Coronary Heart Disease (CHD) is a leading cause of morbidity and mortality in the United States and the world. The broad, long-term goal of our research is to dissect the complex genetic architecture of Coronary Heart Disease (CHD), which will subsequently lead to better prediction and treatment of this devastating disease. We hypothesize that amino acid variants, their interactions with each other, and with the environment will play an important role in the complex etiology of CHD. We expect that in order to unravel the genetic architecture of CHD, we must go beyond the additive model. To determine the role of amino acid variants in CHD, we will use a novel approach to acquire genotype data for a comprehensive set of uncommon (0.010.01) amino acid variants in the full ARIC study. We will use whole- exome sequence data in a subset of 1500 ((1000 EA, ~500 AA) participants from the Atherosclerosis Risk in Communities (ARIC) study and an additional 7500 from the NHLBI Exome Sequencing Project (ESP) and the CHARGE-S project in conjunction with GWAS data to impute a comprehensive set of amino acid variants in the entire ARIC cohort. To analytically dissect the complex architecture of lipid profiles and CHD in this subset of SNPs, we will go beyond the simple models used in GWAS screening into more sophisticated models that fall into three categories. First, a single locus model that is generalized to allow the full range of genetic effects (not just additive).

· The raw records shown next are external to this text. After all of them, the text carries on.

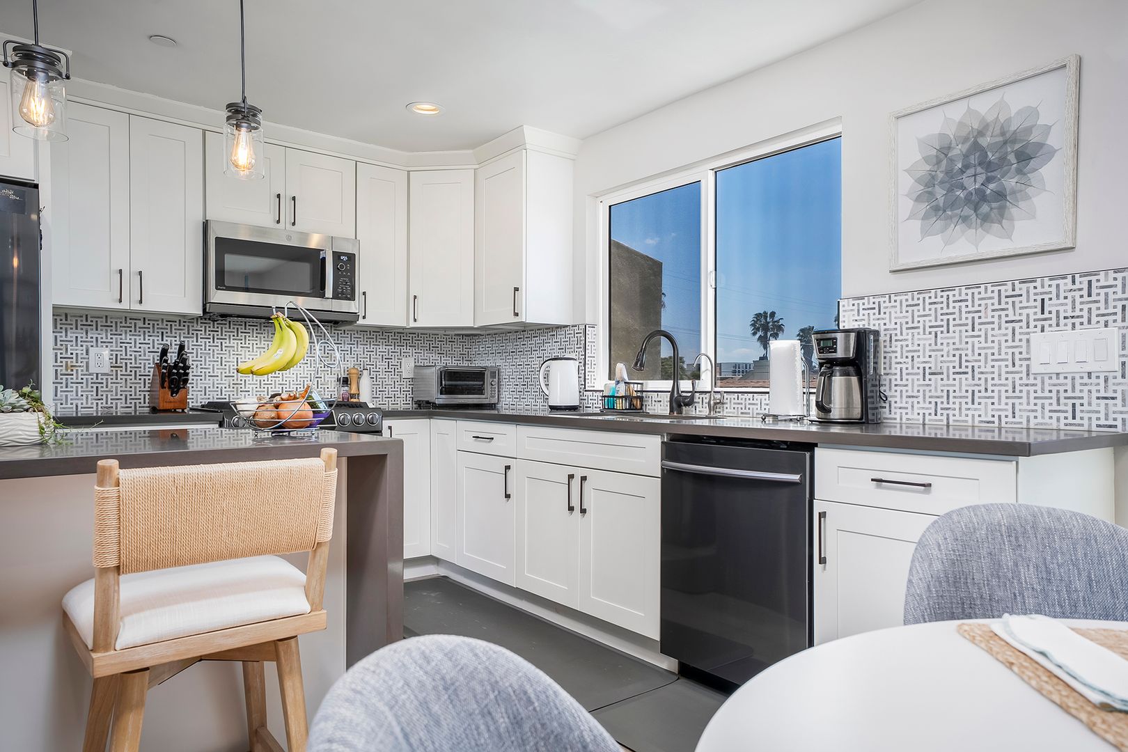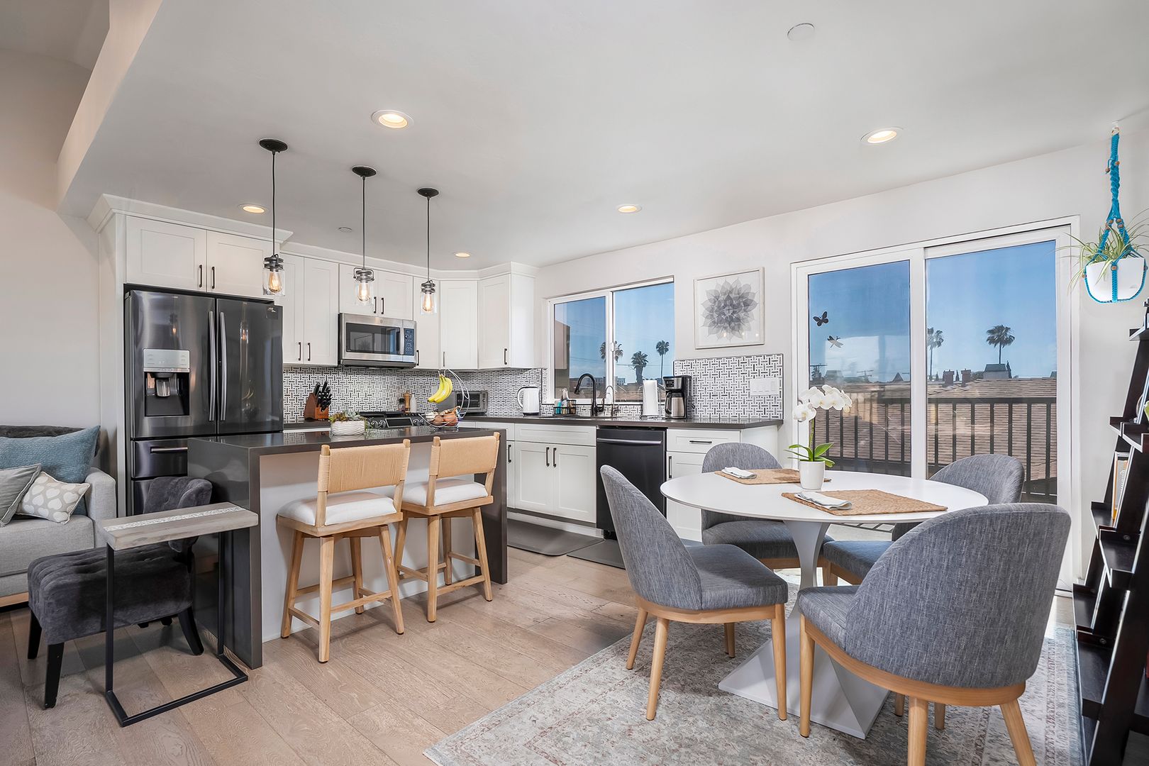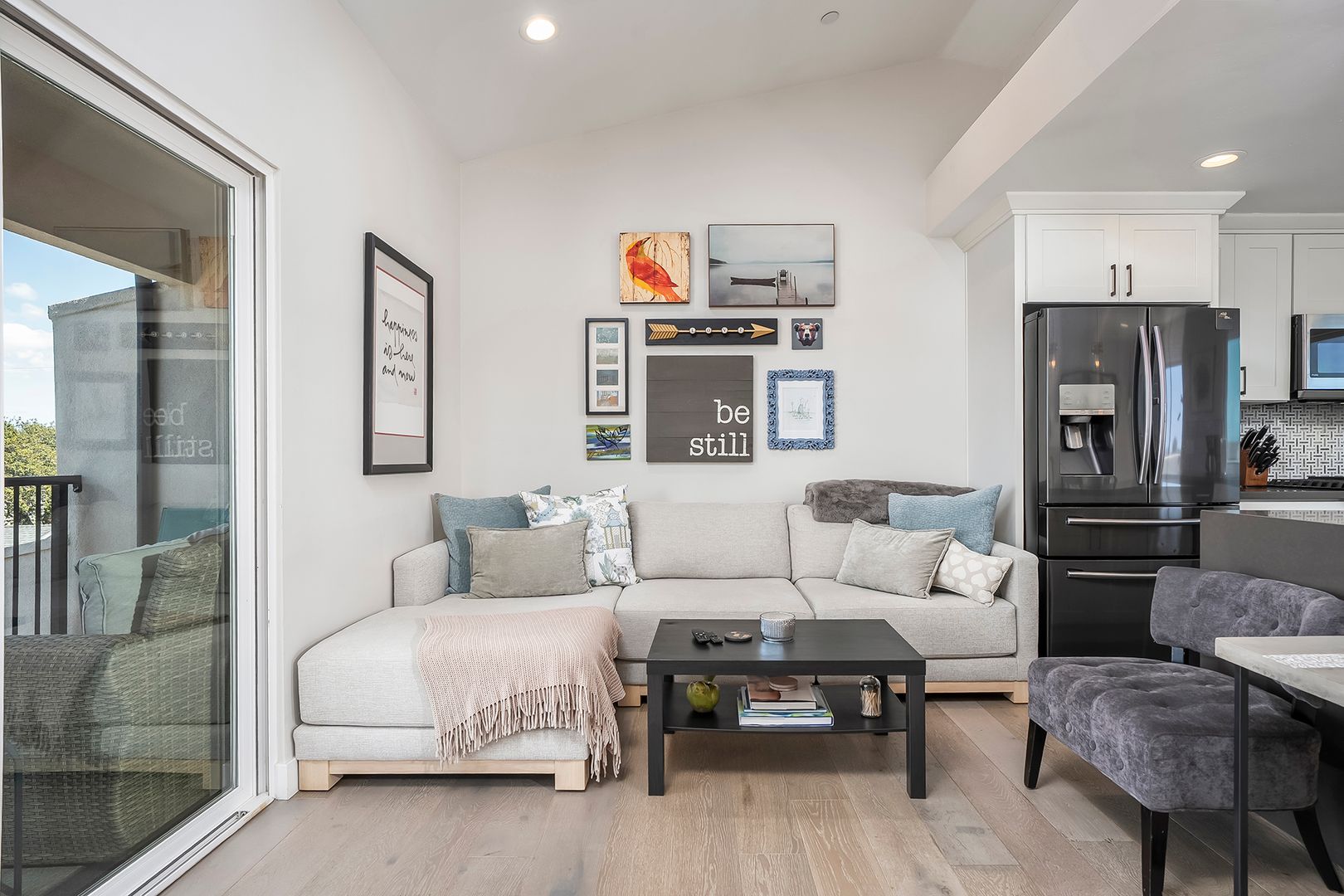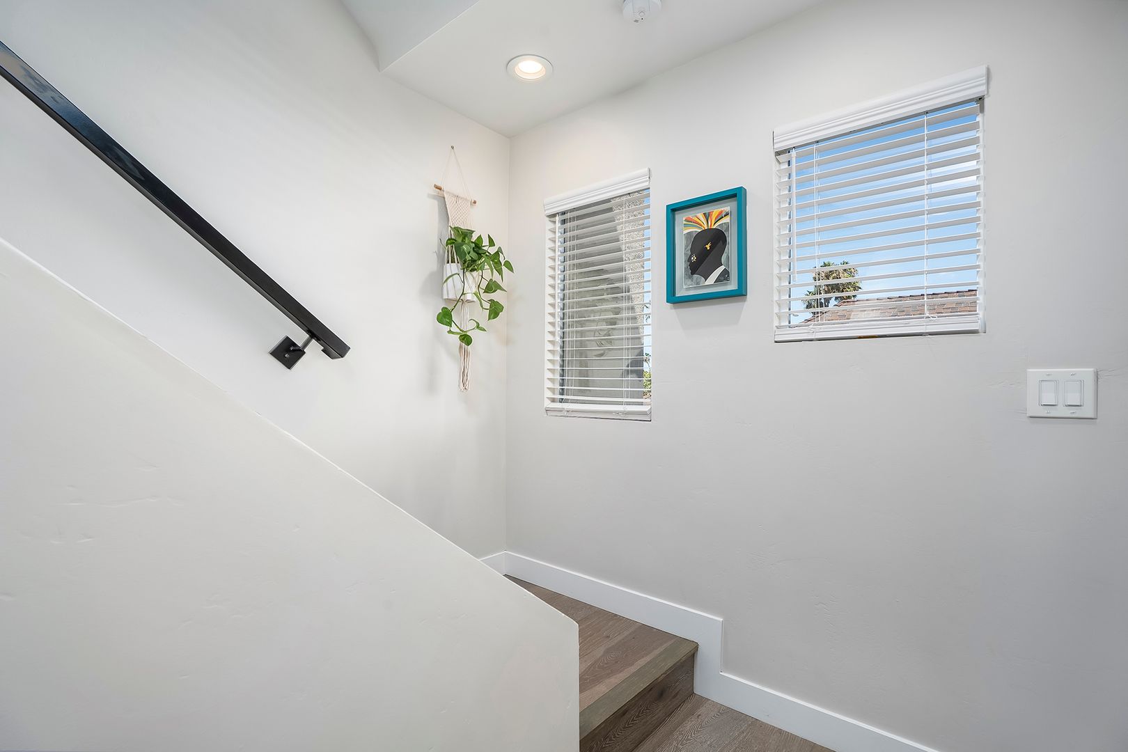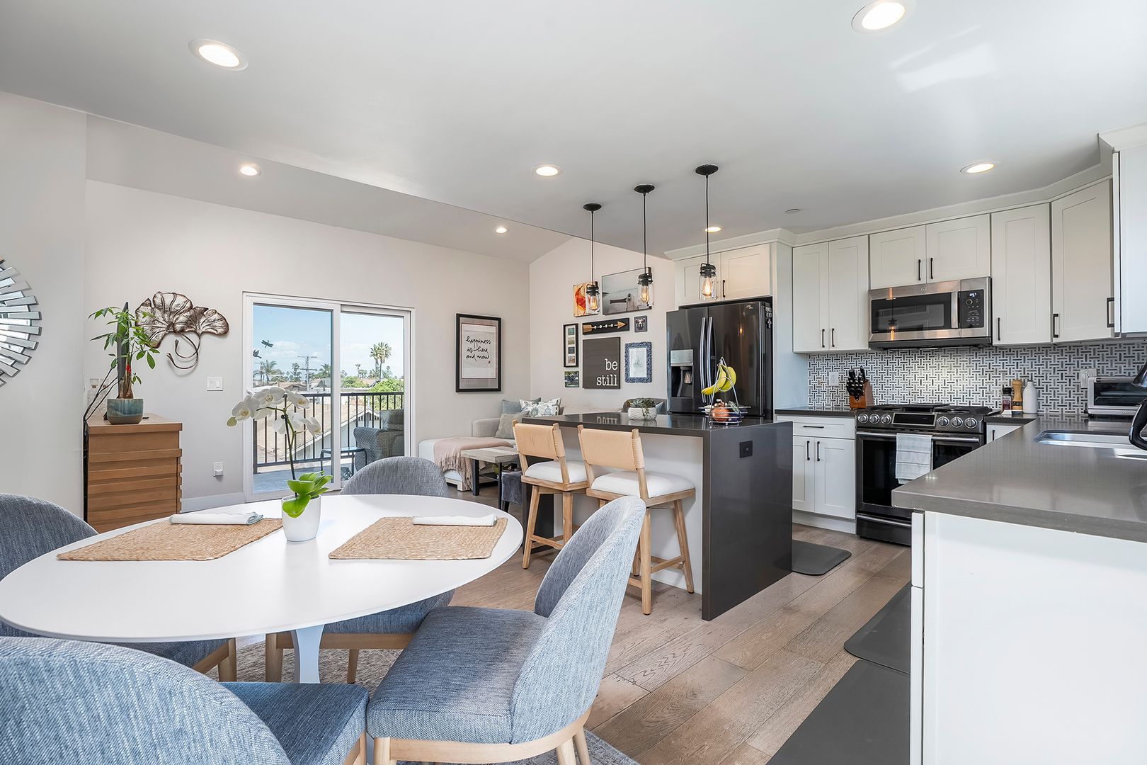 Featuring 4 well-planned levels with wood floors throughout. The entryway and garage on the bottom floor, 3 bedrooms, 2 full bathrooms, and laundry are on the 2nd floor, and the living room, kitchen, and a 1/2 bath on the 3rd floor. The 4th floor is a private rooftop balcony, the perfect spot to enjoy San Diego's beautiful weather. Featuring a built-in gas fire pit and gas barbecue grill, take in the stunning views all the way to the ocean.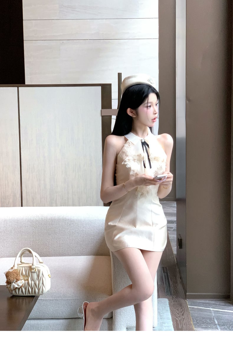 「琥珀光ワンホンドレス」は、クラシカルな雰囲気とモダンなエレガンスを兼ね備えた一着です。シャンパンカラーのサテン生地が、琥珀のように柔らかな光を放ち、着る人の魅力を引き立てます。胸元には繊細なレースのフリルとリボンがあしらわれており、女性らしいディテールが満載です。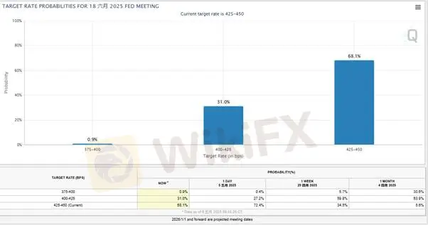 本周即將迎來備受關注的美聯儲利率決議。根據CME FedWatch工具顯示,期貨市場認為本次會議降息的概率幾近於零,對6月17–18日會議降息的預期也已降至僅約31%。這一轉變主要受到上周公佈的強勁非農就業報告以及本周ISM服務業資料持續反映經濟韌性所推動,短期內削弱了市場對寬鬆政策的押注。

Second, two locus models that test for gene-by-gene interactions. Third, test for genotype- by-sex interactions. Sequence uncertainty and imputation probability will be incorporated into each analysis. Using this novel approach, for the first time, a comprehensive set of uncommon to common amino acid variants will be analyzed in a large sample and in multiple ethnic populations for their association with lipid profiles and incident CHD.
Public Health Relevance
Project Narrative The broad, long-term goal of our research is to dissect the complex genetic architecture of Coronary Heart Disease (CHD), which will subsequently lead to better prediction and treatment of this devastating disease. To accomplish this, we use a novel approach to acquire genotype data for a comprehensive set of uncommon (0.010.01) amino acid variants in the full ARIC study using imputation to leverage both genome-wide association (GWAS) data and whole-exome sequencing data. To analytically dissect the complex architecture of lipid profiles and CHD we will go beyond the additive model by testing a general single locus model, test for pairwise gene-by-gene interactions, and finally test for gene-by-sex interactions.